The 10ft bomb held inside, with uranium at its core and nicknamed Little Boy, was the result of years of research by Allied scientists working under the Manhattan Project, masterminded by J Robert Oppenheimer.

Little Boy rolled out of the plane and its parachute unfurled, stalling its fall until the moment it exploded 1,900ft above the city, on Japan's largest island of Honshu.

Within seconds, 40,000 people were dead, many vaporised, leaving only shadows burnt on concrete surfaces.

More than six square miles of the city were reduced to rubble before blazes raged for three days, killing many more who survived the blast.

Then three days later, a plutonium-loaded bomb, named Fat Boy due to its round shape, fell over Nagasaki, on the island of Kyushu, killing 40,000.

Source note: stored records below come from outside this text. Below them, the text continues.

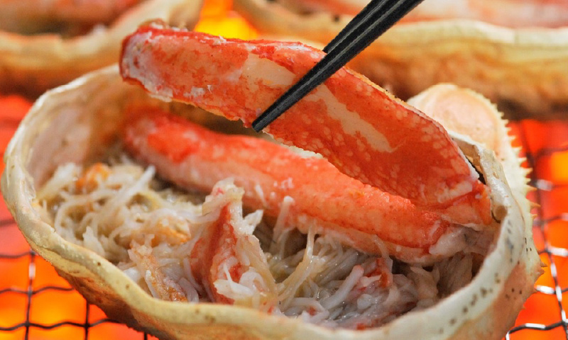 かにの甲羅を器に、かにみそと、かにフレーク、かに棒肉をのせて焼きました。かにフレークにかにみそが染み込み、かに棒肉に絡めて味わいください。口の中に旨味が広がります。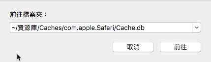 然後將這段文字複製貼到空白列「~/Library/Caches/com.apple.Safari/Cache.db」。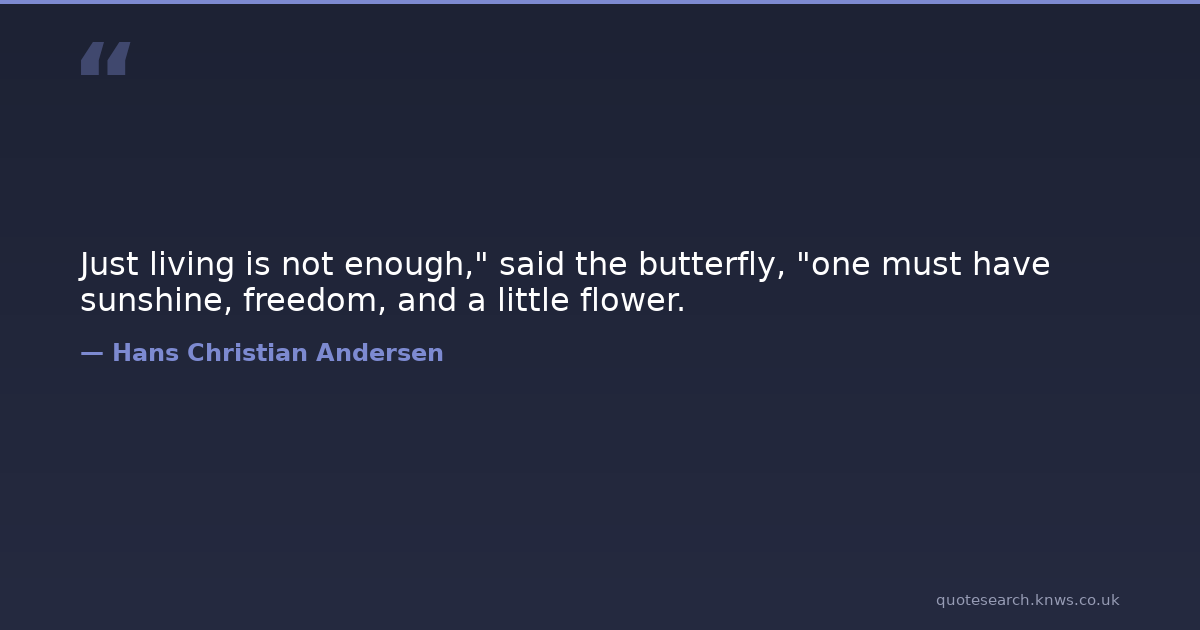 Just living is not enough," said the butterfly, "one must have sunshine, freedom, and a little flower.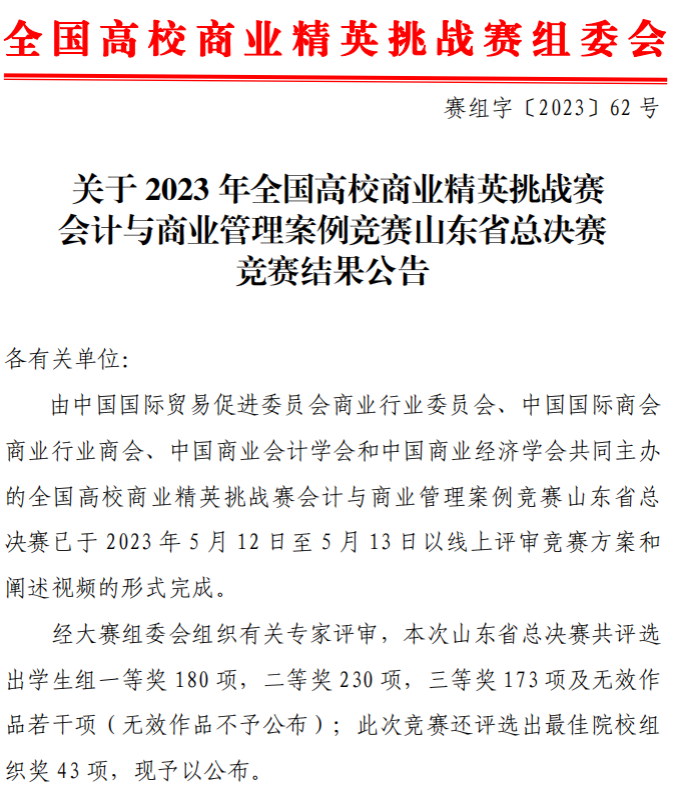 近日,由中国国际贸易促进委员会商业行业委员会、中国国际商会商业行业商会、中国商业会计学会和中国商业经济学会共同主办的全国高校商业精英挑战赛会计与商业管理案例竞赛山东省总决赛以线上评审竞赛方案和阐述视频的形式完成。熊猫体育参赛队伍全部获奖,荣获省级一等奖12项、二等奖10项、三等奖14项,公司获评最佳院校组织奖。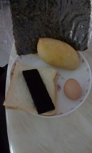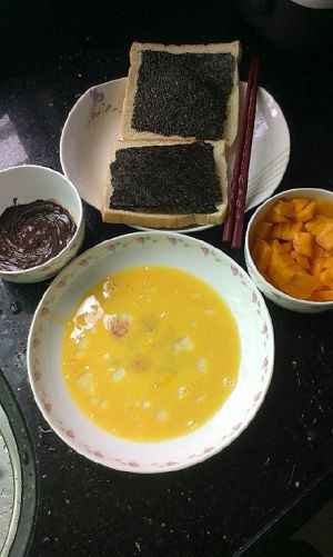 首先准备好吐司、鸡蛋、芒果、以及巧克力酱【家里没有酱可以拿巧克力去熔】(另外那张是紫菜,加不加看个人口味)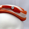 We just love beautiful architecture in a vintage hat! Daphne is straight out of the 1950s but with a fun twist to her pillbox shape. She's made of stiff orange linen, with a slightly rounded crown and 3/4" ivory linen banding wound through in a most delightful way. She also features a sweet orange velvet bow with a rhinestone accent. Daphne frames the face in a most appealing way, her delicate folds lined with orange velvet. So much more to this cocktail hat than originally meets the eye! 22" internal circumference.
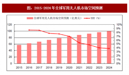 根据中投顾问《2016-2020年中国军工产业深度调研及投资前景预测报告》,全球无人机需求将由2015年的64亿美元增至2024年的115亿美元,复合增长率为6.7%。2015年至2024年,全球军用无人机支出总额由57亿美元增加到99亿美元,复合增速6.33%,支出总额将达810亿美元。预计到2024年全球军用无人机将占当年市场总额86%(99亿美元),民用无人机占14%(16亿美元)。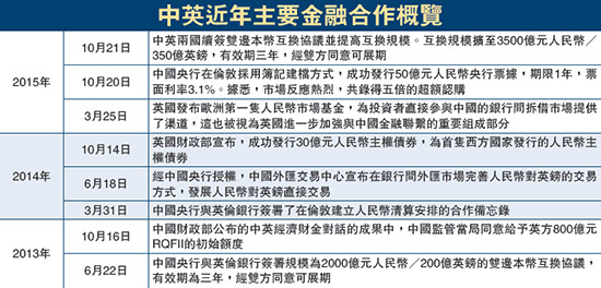 目前,中国央行已与逾30个国家和地区签署货币互换协议。而自2012年正式启动伦敦金融城人民币业务中心计划以来,中英双方一直合作无间,英国着力把伦敦打造成人民币国际市场的“西方中心”,中国金融机构也积极表现出与英方合作的意愿。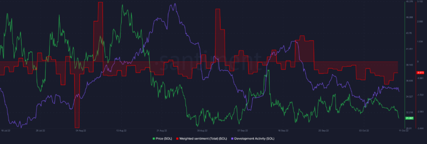 Ponadto, wzmianki w mediach społecznościowych na temat SOL spadły. Ważony sentyment pogrążył się w negatywnym terytorium.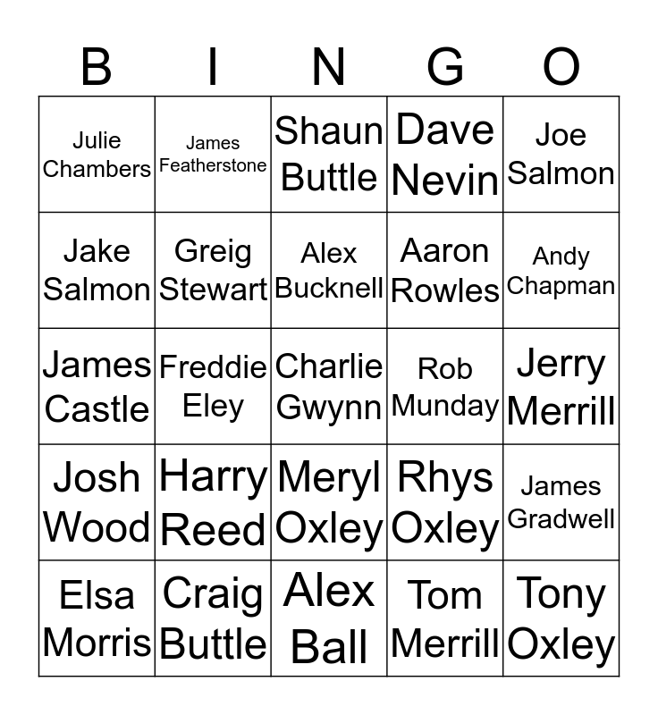 This bingo card has 75 words: Ed Kemp, Tom Hockenhull, Shaun Buttle, Rufus Bullough, Matt Burrell, Will Hughes, Charlie Kemp, Andy Slowgrove, Andy Sturman, Steve Plowman, Tony Oxley, David Illsley, Alex Bucknell, Jake Salmon, Ross Stewart, Freddie Eley, Fin Middleton, Charlie Gwynn, Steve White, Joe Salmon, Alex Chessell, James Castle, Greig Stewart, James Featherstone, Dave Nevin, Gregor McKenzie, Andy Mash, Richie Hunt, Matt Hunt, Steve Herbert, Joe Scutts, Asad Abbas, Connor Potter, Rhys Oxley, Andy Chapman, Aaron Rowles, Lee Rennison, Rich Mash, Jerry Merrill, Tom Merrill, Rich Featherstone, Ryan Goodyear, Ian Bass, Paul Schulpher, James Todd, Steve Wood, Elsa Morris, Julie Chambers, Julia White, Tracy Booth, Sharon Herbert, Meryl Oxley, Judith Cumming, Karen Barrow, Joanna Wood, Lucy Bucknell, Debbie Niziolek, Rachael Voaden, Duncan Potter, Sam Reed, Harry Reed, Ben Smith, Phil Smith, Tom Clark, Joeh Turner, Rob Munday, Seb Chambers, Max Watson, Matt White, James Gradwell, Josh Wood, Craig Buttle, Zach Herbert, Alex Ball and Ravi Chahal.

Estimates suggest both bombs, in the end, claimed the lives of more than 240,000 people.

A British prisoner of war working four miles away from the blast epicentre of Nagasaki had a "ringside view".

In a report produced by the Admiralty's Naval Intelligence Division in November 1945, the witness - an unnamed Petty Officer who had survived the HMS Exeter's sinking and was held captive in Fukuoka Camp Noll - said the flash "would have lit up the whole of England had it been dark instead of daylight".